On Together AI (Flux Schnell): $2,700/month. On Replicate: $3,000/month. Self-hosted on RunPod RTX 4090 (estimated ~1,000 imgs/hr, $0.69/hr): roughly $690/month for compute, plus ~$200/month engineering overhead = $890/month. Self-hosted on Salad RTX 4090 ($0.16/hr): ~$160/month for compute + overhead = ~$360/month total. At 1M images/month, self-hosting produces 80–90% savings vs managed APIs.

Is it cheaper to use SDXL or Flux for production?

For self-hosted workloads, Flux Schnell is cheaper than SDXL because Schnell generates images in 4 steps vs SDXL's 20 steps - roughly 4× more images per GPU hour. For managed APIs, Flux Schnell on Replicate ($0.003/image) is typically comparable to or cheaper than SDXL depending on the specific API and model variant. Flux Schnell is the better choice for new production systems on both cost and quality grounds.

How accurate are the throughput estimates in this article?

The estimates (e.g., ~1,000 Flux Schnell images/hr on RTX 4090) are conservative benchmarks at standard settings with batch size 1. Actual throughput depends on your inference server, batching configuration, image resolution, and ComfyUI node overhead. Before scaling, benchmark your specific workflow - your numbers may be 20–50% higher with optimization, or lower with complex multi-step pipelines.

Does image resolution affect managed API costs?

It depends on the provider. Replicate charges per image regardless of resolution for Flux Schnell ($0.003/image whether 512×512 or 2048×2048). fal.ai charges per megapixel, so a 2048×2048 image costs 4× more than a 1024×1024 image. Together AI charges per image. For high-resolution outputs at volume, Replicate's flat per-image pricing becomes advantageous over fal.ai.

What is the cheapest way to generate AI images in 2026?

Self-hosted on Salad Cloud using an RTX 4090 ($0.16/hr). At an estimated 1,000 Flux Schnell images per hour, that is $0.00016/image - roughly 19× cheaper than Replicate's $0.003/image. The trade-off is infrastructure management and designing your system for Salad's distributed, container-restart-friendly architecture.

Are there free options for AI image generation?

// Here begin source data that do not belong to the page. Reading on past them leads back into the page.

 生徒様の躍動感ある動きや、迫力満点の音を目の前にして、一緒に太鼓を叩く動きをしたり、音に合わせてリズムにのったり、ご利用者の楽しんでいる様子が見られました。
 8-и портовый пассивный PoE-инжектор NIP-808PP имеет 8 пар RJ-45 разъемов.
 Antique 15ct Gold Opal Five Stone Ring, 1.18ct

Replicate, fal.ai, and Together AI all offer free credits for new accounts - enough for small-scale testing. Stable Diffusion can be run locally on your own hardware for free if you have a capable GPU. For production at any meaningful volume, free tiers are insufficient and paid infrastructure is required.

How does ComfyUI affect cost vs a simple API call?

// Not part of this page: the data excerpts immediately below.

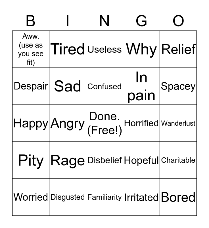 This bingo card has a free space and 24 words: Rage, Disgusted, Confused, Worried, Relief, Aww. (use as you see fit), Despair, Tired, Horrified, Disbelief, In pain, Happy, Hopeful, Charitable, Sad, Irritated, Wanderlust, Useless, Spacey, Angry, Bored, Pity, Why and Familiarity.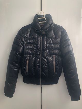 Cazadora de la marca El Ganso con un diseño moderno y versátil, prácticamente nueva,con plumón y resistente al agua (ver fotos), bolsillos interiores y exteriores. - Cuerpo acolchado (plumón) en color negro por delante y por detrás. - Mangas y cuello en tejido gris. - Cremallera frontal con detalles de colores pero sin capucha, el abrigo se repliega en esa cremallera.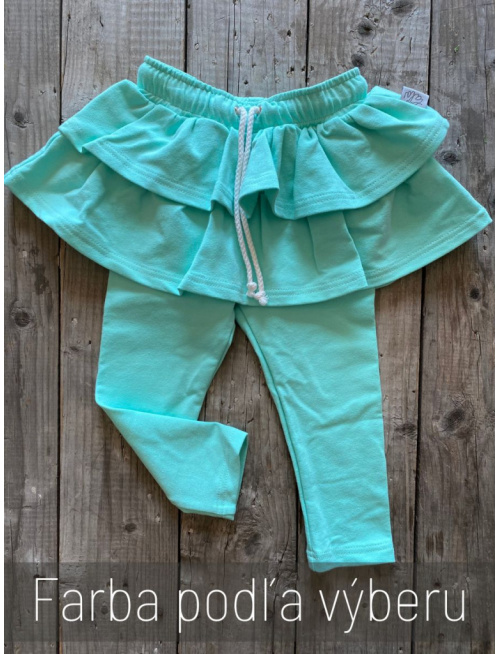 Elegantné legínky s pridanou bohatou sukničkou. V páse majú funkčnú šnúrku.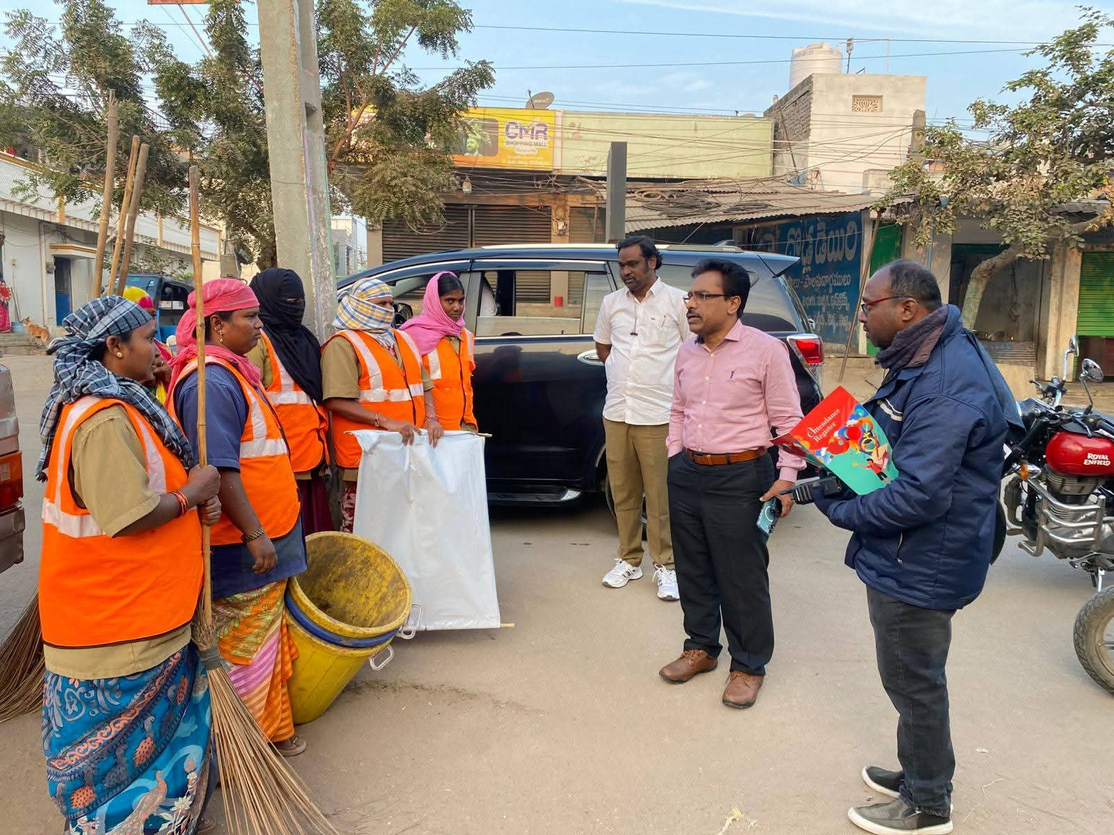 శుక్రవారం కల్లూరు, ముజఫర్నగర్, బళ్లారి చౌరస్తా, వెంకటరమణ కాలనీ ప్రాంతాల్లో పారిశుద్ధ్య పనులను పరిశీలించిన కమిషనర్, ముజఫర్నగర్ వద్ద కార్మికులతో కాసేపు మాట్లాడారు. పారిశుద్ధ్య పనుల్లో ఎదురవుతున్న సమస్యలు, ప్రజల సహకారం, వేతనాల అంశాలపై వివరాలు అడిగి తెలుసుకున్నారు. కార్మికులు సూచించిన అంశాలను విన్నా కమిషనర్, వాటి పరిష్కారానికి తగిన చర్యలు తీసుకుంటామని భరోసా ఇచ్చారు.ఈ సందర్భంగా కమిషనర్ మాట్లాడుతూ.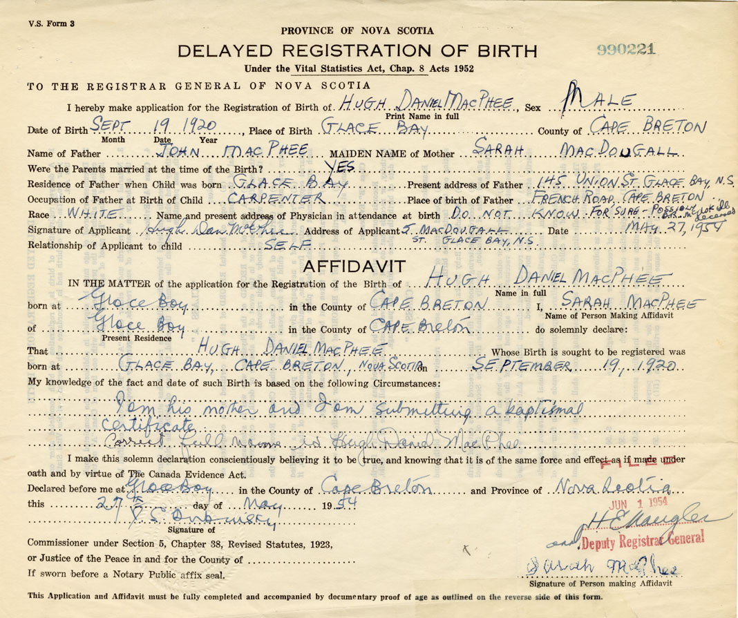Signature of Applicant Hugh Dan MacPhee Address of Applicant 5 MacDougall Street, Glace Bay, Cape Breton Co. Date 27 May 1954

ComfyUI introduces pipeline overhead - node execution, image saving, output retrieval - that adds a few hundred milliseconds per image. For cost calculation, this reduces effective throughput slightly compared to raw diffusion benchmarks. A complex multi-model ComfyUI workflow (upscaling, face enhancement, background removal) may generate only 200–400 images/hr on an RTX 4090 vs 1,000 for simple Flux Schnell generation. Cost per image scales accordingly.

When should I switch from managed API to self-hosted?

The rough rule of thumb: when your monthly API bill exceeds ~$200–$300 and you have 2–4 weeks of engineering capacity to invest in self-hosted setup and ongoing maintenance. At that point, RunPod Serverless or Salad starts saving real money. Below that volume, the managed API's zero-overhead simplicity is worth the premium.